Planning Effective Lessons

The TEAL online course on Effective Lesson Planning that I facilitated for LINCS just ended last week. Participants in this course shared some lesson planning strategies that they have found to be successful. These strategies include ways to ensure that students…

(1) are involved in the process of setting learning objectives, and

(2) have a clear understanding of where the class is headed.

The online course encourages teachers to employ the principle of backward design in planning lessons; this means that the lesson designer begins with the objectives of a lesson—what students are expected to learn and be able to do—and then proceeds “backward” to create learning experiences to achieve those objectives. Backward design helps teachers create lessons that are focused on the goal (learning) rather than the process (teaching).

The dilemma for many adult education programs, especially those in which teachers do not receive reimbursement for planning time, is that teachers cannot afford to devote a lot of time to lesson planning in which they consider the diverse needs of their students. Instead, they allow the textbook to guide instruction.

I invite you to share your thoughts on any of the following questions:

  1. Have you used backward design to plan lessons? If ‘yes,’ what have been your successes in using backward design?
  2. Do you have specific strategies for involving students in the process of setting learning objectives? If so, please share your strategy and how students respond to having a voice in this process.
  3. How can we encourage more adult education teachers to do lesson planning for their classes instead of relying on the generic syllabus set forth in the class textbooks?
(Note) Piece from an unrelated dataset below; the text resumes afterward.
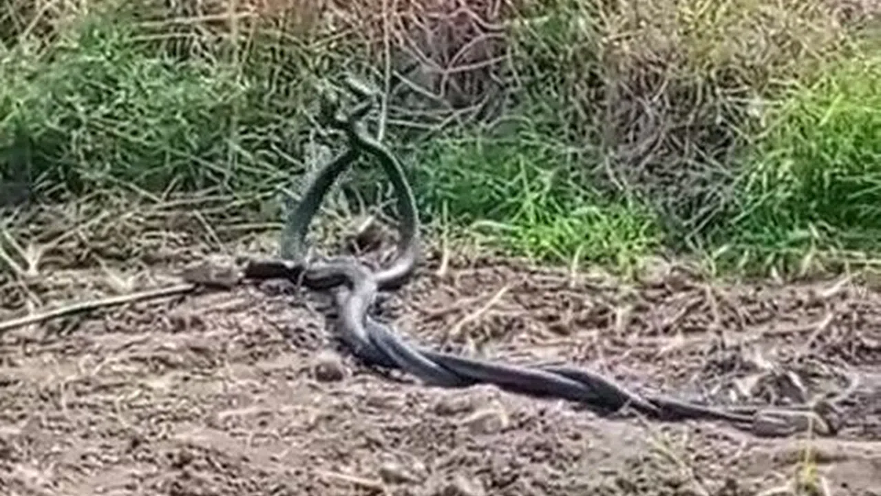 Hatay'ın Dörtyol ilçesinde boş arazide 2 yılanın çiftleşme dansı vatandaş tarafından kamerayla kaydedildi.

Thanks for your interest!    


Thank you, Mary Ann. I hope that your questions will encourage many others to share their practices relating to effective lesson planning!
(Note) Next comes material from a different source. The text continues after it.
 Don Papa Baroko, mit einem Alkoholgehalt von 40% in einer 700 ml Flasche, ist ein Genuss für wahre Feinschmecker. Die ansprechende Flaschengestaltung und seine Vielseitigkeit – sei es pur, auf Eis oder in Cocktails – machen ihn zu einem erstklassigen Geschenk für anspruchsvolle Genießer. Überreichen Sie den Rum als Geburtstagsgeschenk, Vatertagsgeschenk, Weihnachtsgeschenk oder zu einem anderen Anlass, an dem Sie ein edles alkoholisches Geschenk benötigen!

1. If you don't know where you are going, how do you know when you get there? :) Backward design implements forward planning. It's the only way to go, starting with setting a goal and stating the related objectives that lead directly to assessing the process of reaching it!   2. Students and teachers sometimes benefit from thinking of planning to reach a trip destination or completing the process of building a house. In building a house, for example, the goal is very measurable: to erect a house that meets specifications. The objectives provide the visible/measurable steps that need to be taken to complete the house: the foundation, the frame, the walls, the roof, and other major items that go toward finishing  the house. Objectives state "what" not "how" or "when." What can be observed in the process of reaching a goal? Learning how to build the parts of the house is not an objective. Understanding how to pour a foundation is not an objective. Being able to frame a house is not an objective. Reading about how to set a roof is not an objective. To pour the house foundation, to frame the building, to set the roof, those are objectives. Objectives are steps that can be assessed or evaluated in the process of meeting a goal, which is what becomes clearly evident at the end.    3. Perhaps having AE teachers observe and evaluate each other more often using specific guidelines would help. Providing very simple models of good plans that don't include a lot of verbiage might encourage more to adopt the practice. So many models handed down from high towers of academic environments go on, and on, and on, using convoluted language that frightens even the best of us. Lessons should be planned for students in very simple language. Objectives should be written for students in very simple language. Rubrics should be written for students in very simple language. Lesson plans should not be designed to please publishers or university professors. They should please and engage the student. That's it! I believe that once teachers can experience models that are very easy and simple to produce, they will want to plan more that way.   Leecy

Mary Ann and Leecy,

Thank you for opening up this discussion about involving students in the process of setting learning objectives and goals.  Leecy, you said it well in your response to #1.  It is impossible to reach a goal if one has not been set.  Additionally, students need to be involved in the process of how they will reach their goal, what obstacles they may encounter while working towards their goal, and how to self-evaluate progress or lack of progress, and how to make adjustments accordingly.  This involves not only the content being taught, but also problem-solving skills and critical thinking.  The Self-Determined Learning Model of Instruction (SDLMI) is designed to “enable teachers to support students to become more effective at initiating and self-regulating action toward goal setting and attainment.”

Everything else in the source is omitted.